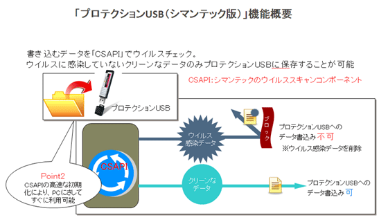 「プロテクションUSB(シマンテック版)」シリーズは、書き込まれたデータをスキャンし、ウイルスに感染したファイルを即座に削除する「ウイルス監視機能」を搭載したデータ授受用のUSBメモリ。感染したファイルの書き込みをブロックすることで、データ移動先機器へのウイルス感染を防ぐ。
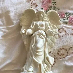 Beautiful white angel figurine with intricate details. Perfect for home decor or as a gift.
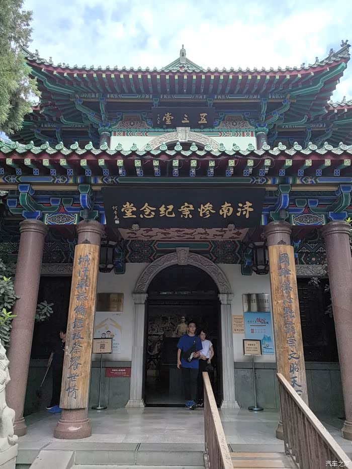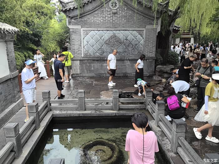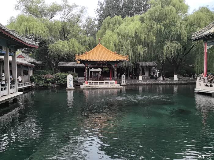 7月23日,早上游览趵突泉、五龙潭和大明湖。趵突泉公园位于济南市中心繁华地段,是国家AAAAA级旅游景区,南倚千佛山,北靠大明湖,东与泉城广场连接,是以泉水、人文景观为主的文化名园。1956年,趵突泉被整修辟为公园,历经几次扩建,逐渐建成以泉为主、小巧玲珑、步移景异的泉石园,面积从不足3.4公顷,扩至10.5公顷。趵突泉又名槛泉,为泺水之源,至今已有二千七百年的历史。趵突泉,三窟并发,声如隐雷,"泉源上奋,水涌若轮"。泉水一年四季恒定在摄氏18度左右。严冬,水面上水气袅袅,像一层薄薄的烟雾,一边是泉池幽深波光粼粼;一边是楼阁彩绘,雕梁画栋,构成了一幅奇妙的人间仙境。
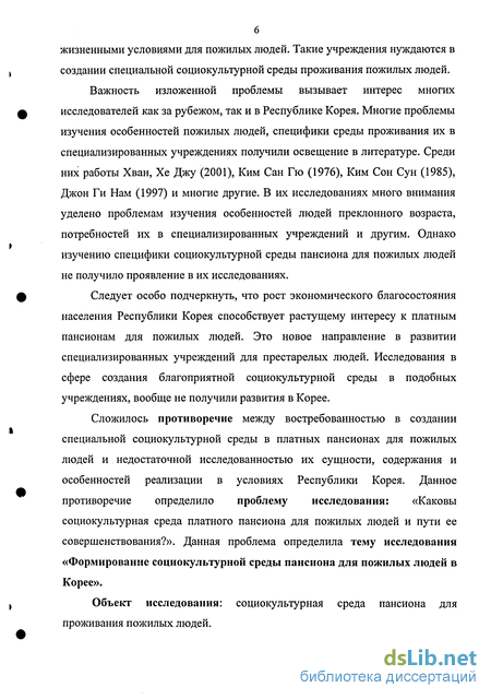 Сложилось противоречие между востребованностью в создании специальной социокультурной среды в платных пансионах для пожилых людей и недостаточной исследованностью их сущности, содержания и особенностей реализации в условиях Республики Корея. Данное противоречие определило проблему исследования: «Каковы социокультурная среда платного пансиона для пожилых людей и пути ее совершенствования?». Данная проблема определила тему исследования «Формирование социокультурной среды пансиона для пожилых людей в Корее».
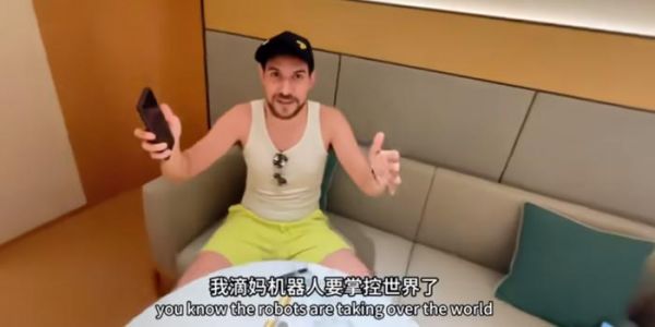 也有个叫阿里的德国人和奥利弗一样“没见过世面”,对酒店机器人送餐服务惊得下巴都要掉了,“我滴妈,机器人要掌控世界了!”
·····
Exercise requirements -
Would you please set down the listing above exactly, minus its images?

Your solution -
 「プロテクションUSB(シマンテック版)」シリーズは、書き込まれたデータをスキャンし、ウイルスに感染したファイルを即座に削除する「ウイルス監視機能」を搭載したデータ授受用のUSBメモリ。感染したファイルの書き込みをブロックすることで、データ移動先機器へのウイルス感染を防ぐ。
 Beautiful white angel figurine with intricate details. Perfect for home decor or as a gift.
 7月23日,早上游览趵突泉、五龙潭和大明湖。趵突泉公园位于济南市中心繁华地段,是国家AAAAA级旅游景区,南倚千佛山,北靠大明湖,东与泉城广场连接,是以泉水、人文景观为主的文化名园。1956年,趵突泉被整修辟为公园,历经几次扩建,逐渐建成以泉为主、小巧玲珑、步移景异的泉石园,面积从不足3.4公顷,扩至10.5公顷。趵突泉又名槛泉,为泺水之源,至今已有二千七百年的历史。趵突泉,三窟并发,声如隐雷,"泉源上奋,水涌若轮"。泉水一年四季恒定在摄氏18度左右。严冬,水面上水气袅袅,像一层薄薄的烟雾,一边是泉池幽深波光粼粼;一边是楼阁彩绘,雕梁画栋,构成了一幅奇妙的人间仙境。
 Сложилось противоречие между востребованностью в создании специальной социокультурной среды в платных пансионах для пожилых людей и недостаточной исследованностью их сущности, содержания и особенностей реализации в условиях Республики Корея. Данное противоречие определило проблему исследования: «Каковы социокультурная среда платного пансиона для пожилых людей и пути ее совершенствования?». Данная проблема определила тему исследования «Формирование социокультурной среды пансиона для пожилых людей в Корее».
 也有个叫阿里的德国人和奥利弗一样“没见过世面”,对酒店机器人送餐服务惊得下巴都要掉了,“我滴妈,机器人要掌控世界了!”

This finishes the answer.